Pandemi Covid 19, Industri Jasa Keuangan Penting Kedepankan GCG

 

BISNISSULAWESI.COM, MAKASSAR – Pandemi Covid 19 yang masih berlangsung saat ini, industri jasa keuangan (IJK) termasuk di dalamnya perbankan harus tetap mengedepankan penerapan tata kelola yang baik atau Good Corporate Governance (GCG). Ini penting agar IJK tidak terimbas ikutan dari pandemi Covid 19.

Akankah perbankan terimbas di tengah Covid 19?. Deputi Direktur Pengawasan Lembaga Jasa Kuangan 2 Kantor OJK Regional 8 Bali dan Nusa Tenggara, Jimmy Hendrik Simarmata di Renon, menyampaikan dalam perpu No.1 tahun 2020, telah diatur antara lain fasilitas pinjaman likuiditas jangka pendek yang dapat diberikan kepada lembaga jasa keuangan dengan kriteria dan persyaratan yang akan diatur lebih rinci oleh otoritas yang berwenang.

Namun demikian, OJK telah meningkatkan frekuensi assesment forward looking terhadap kondisi lembaga jasa keuangan agar bisa diambil langkah-langkah yang diperlukan untuk menjaga stabilitas sistem keuangan di tengah ancaman pelemahan ekonomi sebagai dampak penyebaran pandemi Covid 19.
“Untuk itulah OJK meminta IJK tetap mengedepankan penerapan tata kelola yang baik,” sarannya.
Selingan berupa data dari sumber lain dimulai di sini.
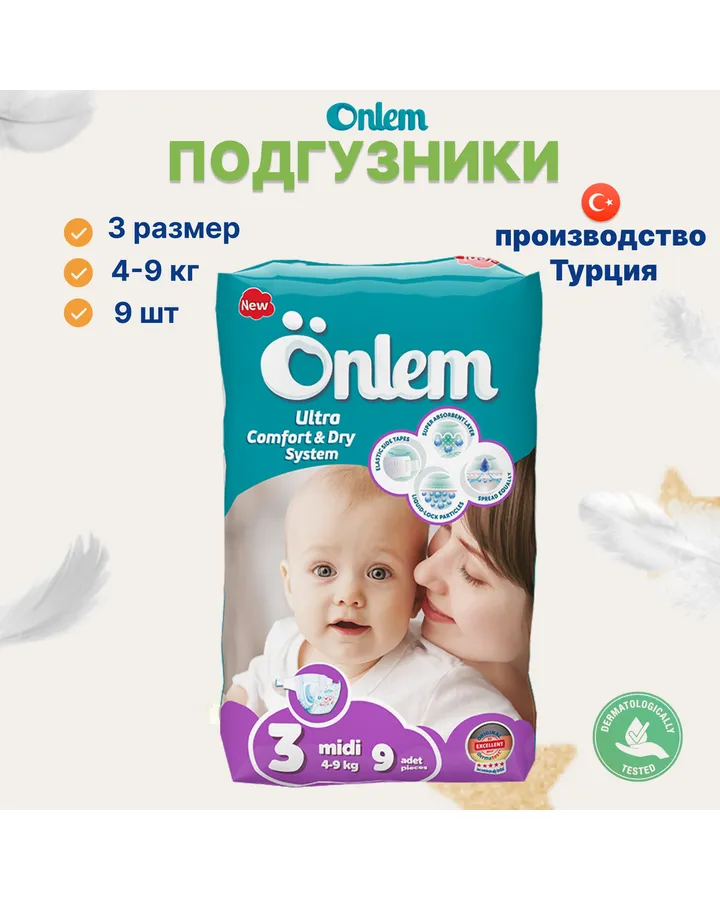 Подгузники Onlem для новорожденных 3 (4-9 кг) 9 шт.Намного лучше голубых Onlem - ultra comfort & dry system: эти меньше протекают, не пахнут духами, приятнее на ощупь, однако натиск дешевизны присутствует - они тоже плохо впитывают, что не мудрено, если учитывать их внутренний вид.
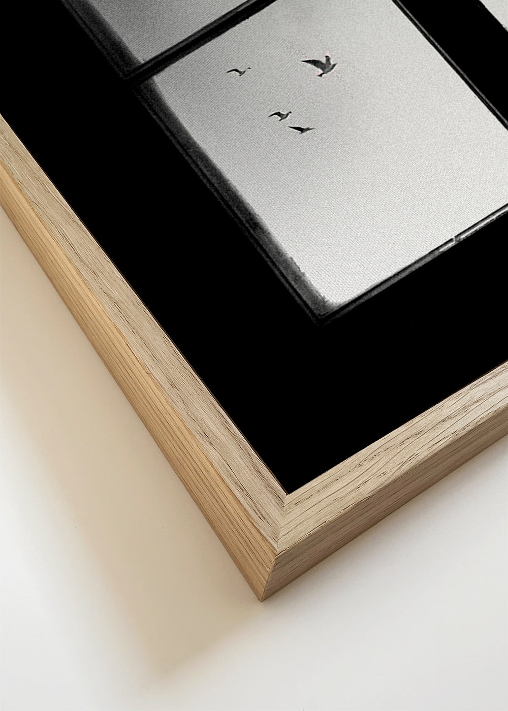 Wenn Sie die Passepartout-Option wählen, fügen wir die weiße matte Platte dem Rahmen hinzu und reduzieren das Design der Arbeit. Wählen Sie beispielsweise ein Druckformat 50x70 cm, mit eichenfarbenem Rahmen und Passepartout, reduzieren wir das Design des Druckes auf das bisherige Format (40x50cm). So passt es sich perfekt an das Innenfenster des Passepartouts an.
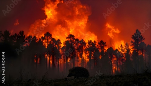 forest fire, hedgehog, frightened, forest, fire, outskirts, fear, blaze, danger, smoke, animal, hazard, escape, destruction, flames, threat, crisis, panic, edge, environment, evacuation, refuge, peril, safety, distressed, wildfire, impact, scorched, vulnerable
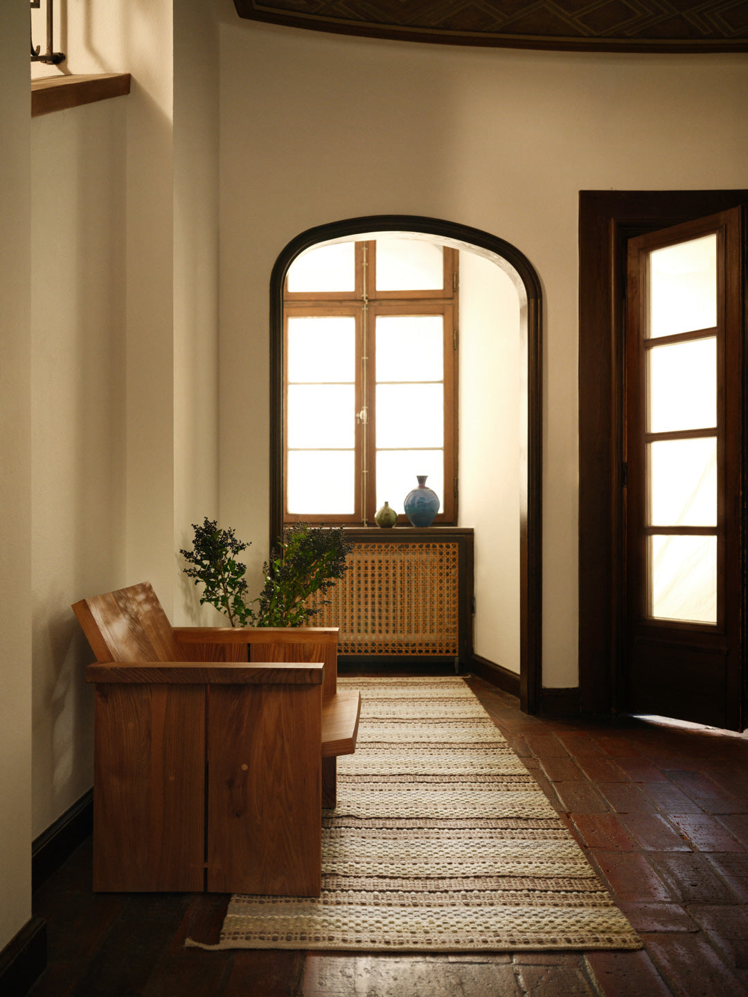 Linnea is a woven, striped rug in which linen yarn is used for both warp and weft. Wool forms the pattern, its warmth and texture offering a soft contrast to the linen’s smooth, cool character. The interplay between the materials creates a lively surface with a distinctly crafted, woven expression.

Sementara berbicara dari sisi kinerja perbankan, Jimmy menerangkan bila melihat data Maret 2020 memang belum terlihat dampaknya karena pembatasan secara ketat PSBB secara nasional maupun PKM penutupan desa/banjar tertentu baru dimulai.
Kendati demikian masing-masing bank telah melakukan mitigasi risiko likuiditas dan kreditnya yang paling berpotensi terdampak. Selain itu, dalam rangka menjaga stabilitas sistem keuangan, pemerintah telah mengumumkan stimulus ekonomi terkini berupa subsidi bunga yang pastinya akan sangat membantu masyarakat yang terdampak dan lembaga jasa keuangan.

Menurutnya untuk memperlancar proses pengawasan di tengah kondisi PSBB di beberapa daerah yang ditetapkan oleh pemerintah, OJK pusat telah mengeluarkan dan terus memonitor serta evaluasi terhadap kebijakan antara lain merelaksasi batas waktu pengiriman laporan periodik.

Namun demikian, rasio kredit bermasalah atau NPL posisi 31 Maret 2020 berpotensi meningkat dibandingkan dengan posisi 29 Februari 2020, terutama disebabkan penurunan kemampuan membayar dan kinerja usaha debitur akibat dampak pandemik covid-19 serta bank belum melakukan restrukturisasi atas debitur.

OJK pun mengingatkan kepada perbankan yang harus dilakukan bank agar rasio kredit bermasalah tetap rendah selain melalui skema relaksasi adalah tetap melakukan komunikasi yang baik dengan para debiturnya, khususnya yang masih memiliki kemampuan membayar untuk melakukan pembayaran angsuran sesuai kesepakatan dan dalam penyaluran kredit baru.
“Termasuk, tetap menerapkan prinsip kehati-hatian. Selain itu, tetap menjaga semangat dan kesehatan adalah yang terpenting,” ucap Jimmy.